25 thoughts on “Rock Band Kick Pedal

  1. Nice. I might do something like that myself (I’ver already had to repair my pedal once and I’ve only had it a week :s).

    @joe57005 Thats already been done, and is relativelly easy, especially with the PS3 version. The PS3/PS2 version shows up in windows (and presumably in other OSes, I havn’t tried) as a standard game controller (openness for the win!). The 360 version is a little more difficult, as it requires the Microsoft wireless reciever thingy, and a short hack. I don’t know about the Wii version (that’s shown) but I would guess it’s just like other wiimote add-ons, which require a bluetooth dongle and a program called glovepie (under windows anyway). Once you have it working like that it’s really not that hard to make a program which interprets the hits and plays either a sampled drum sound or the correct midi note (By midi I meen the “music” format not the instrument connection standard).

  2. Technically, you can, the drum set for World Tour has a Midi interface, though I don’t have a control unit to test it. Though this mod is nothing new really, people had this type of mod and mods for a double bass pedal for the original Rock Band ^_^ Though, I do have to say good job ^_^

  3. hmm one of my friends has a broken rock band kick pedal… I might try building one of these, it sounds like it would work much better than the standard pedal…

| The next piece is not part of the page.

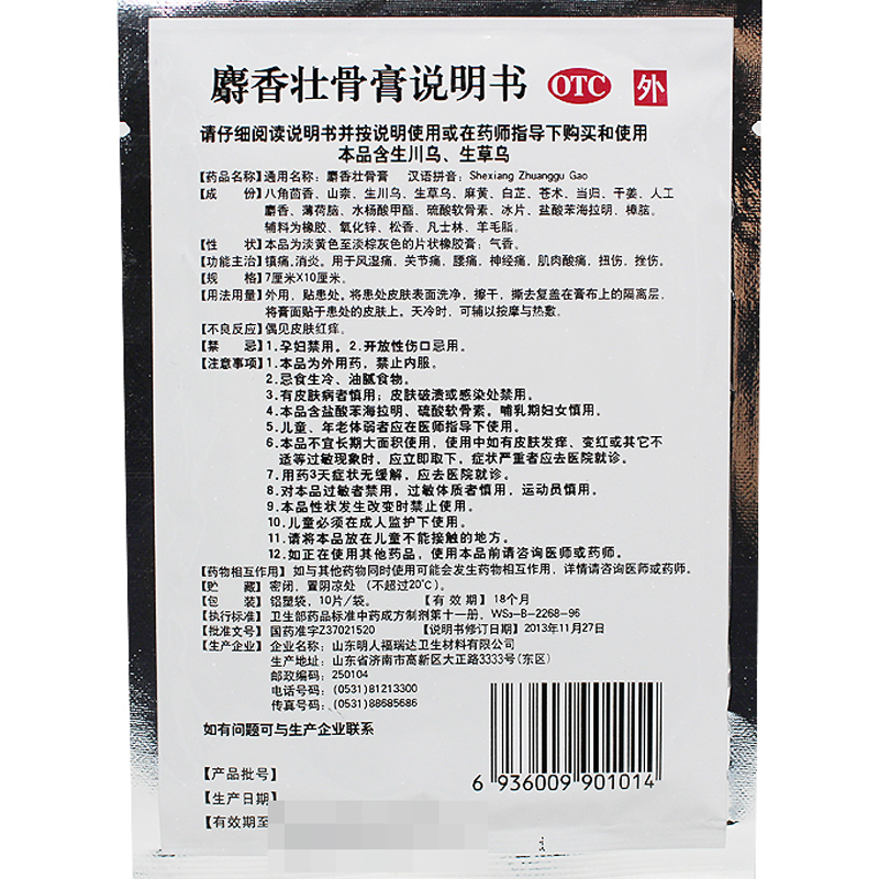 白泉牌 麝香壮骨膏 10片/盒

    The title is misleading though, because it says “rock band” and this was built for guitar hero world tour. As the article states they use different methods to detect a bass drum hit and the author believes that this method wont work on Rock Band, though I think it might.

    I’m also not so sure that you’d even need to use, the practice pad. You could have the pedal hit against a small block of wood with the sensor and it would probably work just as well.

    And joe57005, your comment is about as creative as pretending to play music… seriously the whole “learn to play a real instrument” insult is played out. There’s a lot of people out there who would rather drop a small amount of money on a game like this and have a few hours of fun with their friends who aren’t at all interested in spending a large amount of money and several years learning to play a real instrument.

  4. @ryan the midi interface is in only and cannot be used to make the controller into a midi drumkit as-is. You might be able hack the hardware to so, but TBH it would be easier to it in software.

  5. ah, that’s right, I got mixed up with something else I’m working on >.< Oh, and the bass pedal for Rock Band is a simple ON/OFF operation, so if you want to use a piezoelectric sensor you have to convert it to that. Since all the base pedal does is connect a pin on the micro controller to ground.

  6. joe57005 – I wrote a max/msp patch called miditar hero to do exactly that. It works with any rock band or guitar hero guitar or drum set that can be connected via USB. it’s extremely easy to use, and only requires the max/msp runtime, the necessary controller drivers, and the miditar hero software.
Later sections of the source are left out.